# aggregating frequencies

Hello,

I have a question about aggregating frequencies. In short, each observation has a family ID and a marker that says if the observation is for an adult or a child. (example data below). NOTE: the real dataset included 1000s of families.

001      1     0
001      0     1
001      0     1
002      1     0
002      1     0
002      0     1
002      0     1
002      0     1
002      0     1
003      1     0
003      0     1
003      0     1
004      1     0
004      0     1
004      0     1

I need to determine how many families have 1 child, or 2 children, etc...

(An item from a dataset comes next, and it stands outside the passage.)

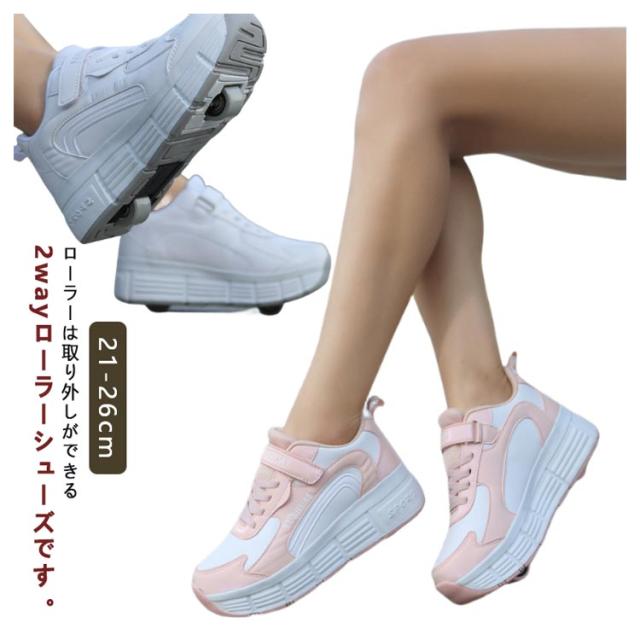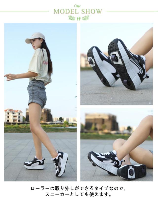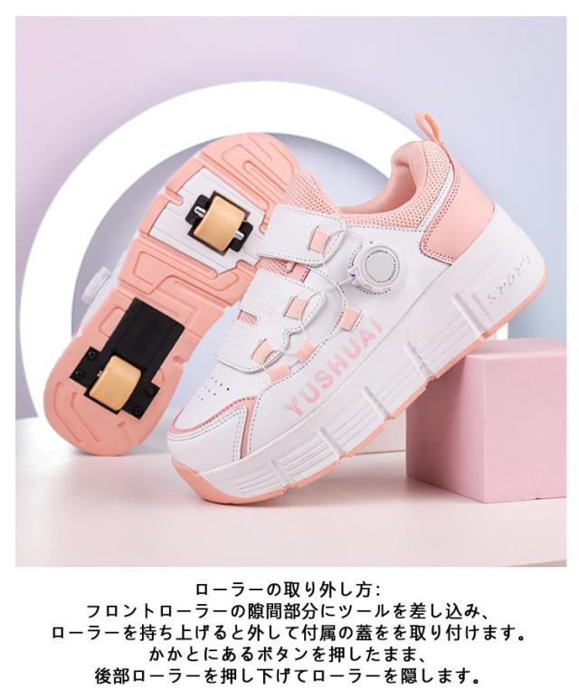 スニーカー ジュニア ローラーシューズ ローラースケート 2輪 キッズ 大人 女の子 2way 通気性 子供 靴 男の子 メッシュ ローラースニーカー 子供用運動靴 スポーツ 男女兼用 ローラーシューズ

The output should look like the following:

#Child   #families

1            0

2            3

3            0

4            1

Can anyone offer advise on how to approach this? I tried the following without success:

PROC SUMMARY data=in;
class FamID;
output out=agg sum=chld adlt;
run;

PROC TABULATE data=in;
class FamID;
var chld;
table chld;
run;

I'm sure that I'm overthinking this, but I'm stuck. Any help would be appreciated.

Thank you.

## Re: aggregating frequencies

Many ways to skin this cat ... I tend to favor PROC FREQ for counting.  Start by adding NWAY to the end of your PROC SUMMARY statement.  Then continue:

proc freq data=AGG;

tables chld;

run;

The CHLD column is the number of children, and the FREQUENCY column is the number of families having that number of children.

## Re: aggregating frequencies

Your approach is correct, but the data for proc tabulate should be the output from the PROC SUMMARY not the original data set.

The logic is essentially:

1. Find the number of kids per family - add child numbers using PROC SUMMARY

2. Summarize data from Step 1 using PROC FREQ or PROC TABULATE. Note that you don't want the CLASS variable in the PROC TABULATE because you're counting overall, not by FAMILY ID.

## Re: aggregating frequencies

Perfect. Thank you!

## Re: aggregating frequencies

Many ways to skin this cat ... I tend to favor PROC FREQ for counting.  Start by adding NWAY to the end of your PROC SUMMARY statement.  Then continue:

proc freq data=AGG;

tables chld;

run;

The CHLD column is the number of children, and the FREQUENCY column is the number of families having that number of children.

## Re: aggregating frequencies

Perfect! Thank you!